The Kenny and Mandy Walker family, who live on Co. Rd. U south of Archbold, are participants in a nearspace research program after finding the payload from a high-altitude balloon near their home, Monday evening, Sept. 16.
The Walkers were home when Mandy answered the telephone.
Son Kenny IV (Kenny III is the father), 9, said the caller was Gary Brown, a lieutenant with a Civil Air Patrol squadron based on Chicago’s west side.
Kenny said Brown told his mother, “This will probably be the weirdest phone call you’ve ever gotten, but there is a yellow parachute behind your house, in back of your yard.”
The family went out and began looking for the parachute, but after a while, young Kenny said his mom said, “We’re never going to find it. I’m going in.”
Younger brother Gavin, 8, agreed.
The family went inside and had dinner, but the two Kennys couldn’t get the parachute off their minds.
After dinner, about 6:30 pm, they went out again, and the older Kenny spotted it.
The younger Kenny said he tried to walk into the field without crushing too many soybeans, but his father yelled, “Come on, slow poke!”
They brought it up to the house. Then Kenny IV ran into the house to tell his mom and Gavin of their find.
Kenny IV said the payload was two tubes, taped together. Attached to the tube by a strap was a foam box with a camera inside.
The family sent a photo of the payload to Brown.
He noticed a model rocket motor igniter designed to burn away the cord holding the payload to the balloon had not functioned, and therefore was still armed.
A quick text back, and Kenny III disabled the device.
Civil Air Patrol is considered an auxiliary of the U.S. Air Force, and offers programs for youngsters ages 12-17.
The balloon project is designed to give the youngsters, known as cadets, hands-on science experience.
Brown said the balloon is the same type used by the National Weather Service for weather research.
They are designed to reach near-space regions– 80,000 feet and higher– before they burst and return the payload to earth.
The payload featured the camera, plus a position-reporting system that takes data from the Global Position System and transmits it over an amateur radio network.
The cadets watch the balloon’s flight path.
Brown said the balloon was launched from an airport in Kankakee, Ill. at 10:51 am, Sunday, Sept. 15.
It flew for exactly five hours before the radio signal was lost, at an altitude of about 600 feet.
The balloon batteries would last only nine hours.
Brown said if they didn’t find the payload soon, it may have been lost forever.
Using his personal airplane, he flew to Northwest Ohio and began circling above the Co. Rd. U area.
He circled for about 10 minutes, but couldn’t receive the balloon’s radio signal.
With bad weather coming from the west, Brown flew to Toledo, landing at Toledo Express Airport, where there is an Ohio Air National Guard unit.
Using a car from the OANG, he drove to the Co.

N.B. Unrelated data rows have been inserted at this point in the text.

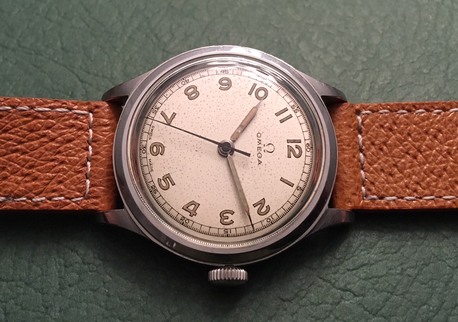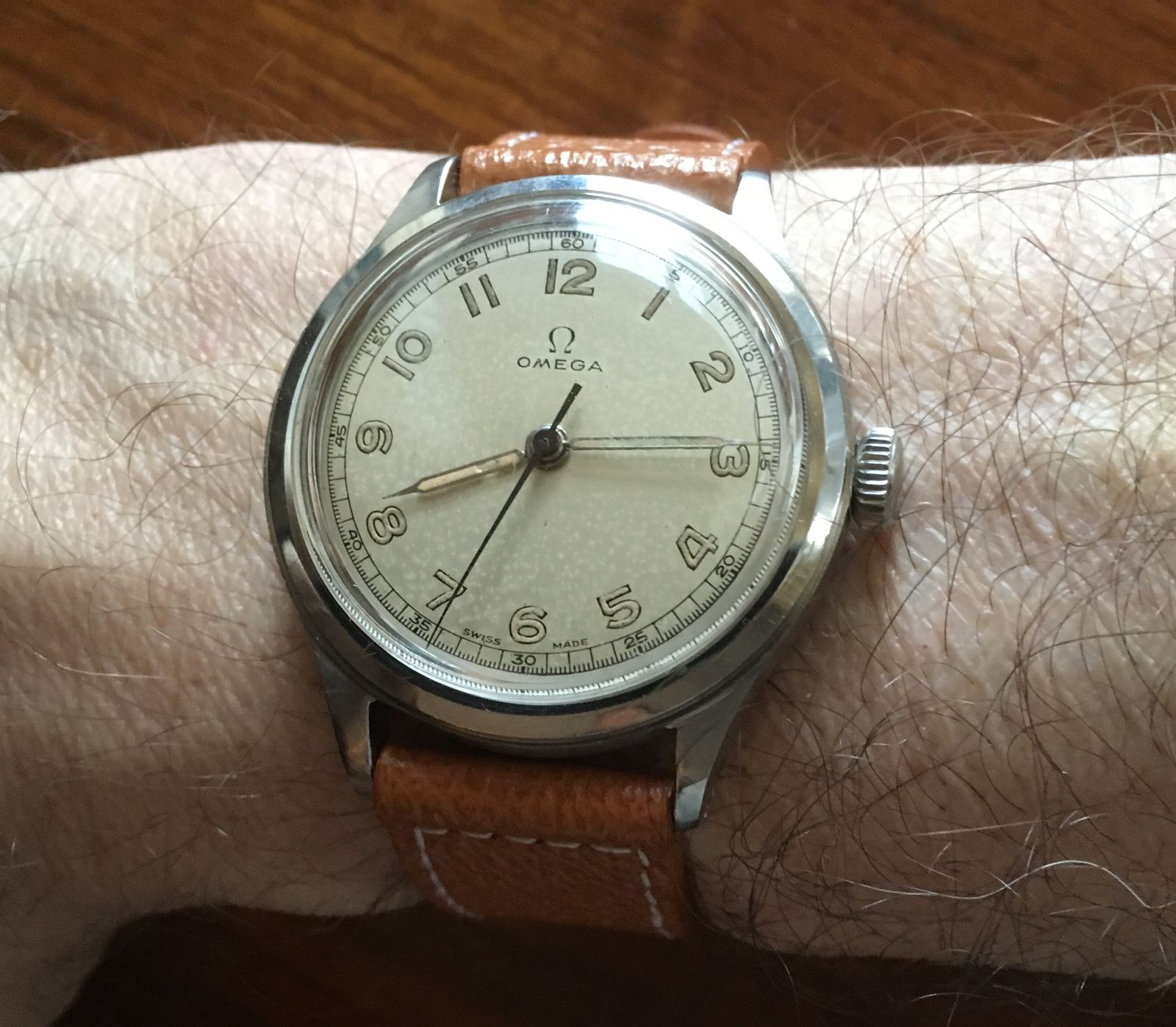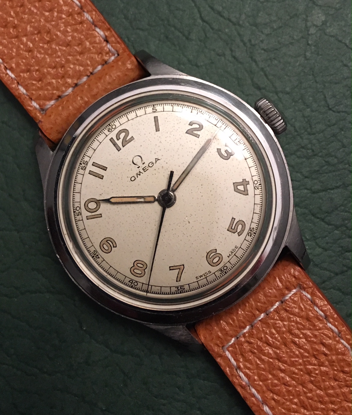 ··Adam @ ΩFI am offering for sale a very nice ca. 1945 Omega ref. 2179/5. This is the so-called US Army civilian version, as there is no "US ARMY" case back engraving--these (actually most of this reference one comes upon these days) were thought to be marketed to civilians toward the end of WWII. There are not too many nice examples on offer.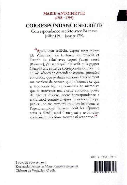 «Ayant bien réfléchi, depuis mon retour [de Varennes], sur la force, les moyens et l'esprit de celui avec lequel j'avais causé [Barnave], j'ai senti qu'il n'y avait qu'à gagner à établir une sorte de correspondance avec lui, en me réservant cependant comme première condition, que je dirais toujours franchement ma manière de penser, que je louerais ce que je trouverais bien et blâmerais de même ce que je trouverais mal; cette condition posée de part et d'autre, notre correspondance a commencé comme ci-après. Je noterai chaque papier; on me rapporte toujours les miens et l'agent employé [Jarjayes] écrit les réponses sous la dicté; ainsi il ne peut y avoir d'inconvénient d'écriture trouvée ni reconnue.»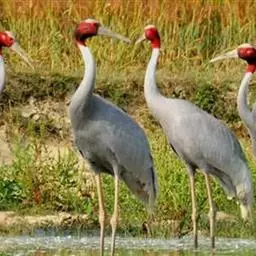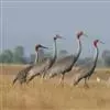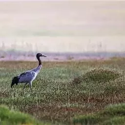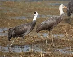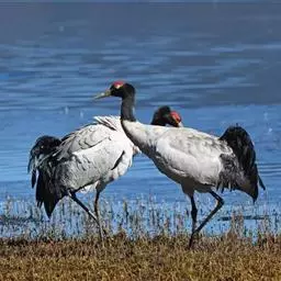 沙丘鹤栖息于富有灌丛和水草的平原沼泽、湖边草地、水塘及河岸沼泽地带,有时也出现在有树木和草本植物的高原地带。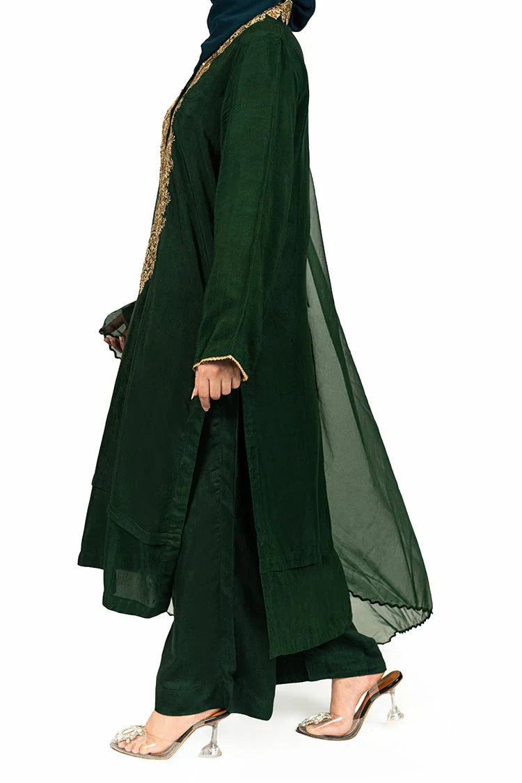 6Teen - 3 Piece - Raw Silk Green Embroidered Suit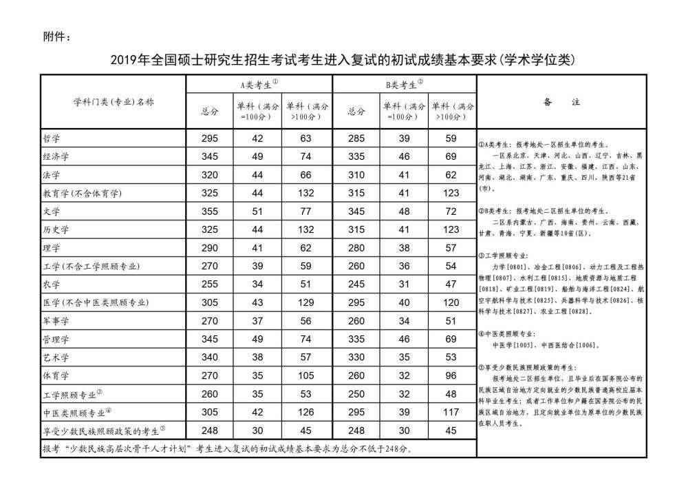 2019年全國碩士研究生招生考試考生進入復試的初試成績基本要求(學術學位類)

Rd. U area.
Driving in the vicinity of the Walker home, he received the signal.
By that point, it was after 8 pm, and he was still dressed in military uniform. Rather than knocking on doors that late, he drove back to Toledo, spent the night, and flew back to Chicago.
The next day, he began making phone calls to homeowners, and got the Walkers.
From Kankakee, about 60 miles southwest of Chicago, the balloon flew on a basically easterly heading, making a few jogs near Auburn, Ind., before landing north of the Walker home.
The straight-line distance was 188 miles with a ground speed of almost 38 mph, and the flight duration was about five hours.
Brown said the balloon went higher than 79,000 feet. It never got into highaltitude jet stream winds. The highest groundspeed recorded was 79 mph.
A balloon launched by the same CAP unit in October 2012, landed in Oregon, east of Toledo, where it was discovered by another family.
That balloon recorded ground speeds as high as 135 mph.
The first balloon also was launched from Kankakee. Its flight path was very close to this year’s balloon.
“It’s real obvious the winds favor an east-northeast direction, almost as if there was a pipeline between Kankakee and the Toledo area,” he said.
Show And Tell
Kenny IV took the balloon payload to Archbold Elementary School to show his fourth-grade classmates, before it was shipped back to the CAP squadron.
“They thought I was really lucky, and that it was really cool that we found it,” he said.
Finding the balloon payload was a once-in-a-lifetime thing. That, Kenny IV said, is why he went outside to find the balloon “before anyone else did!”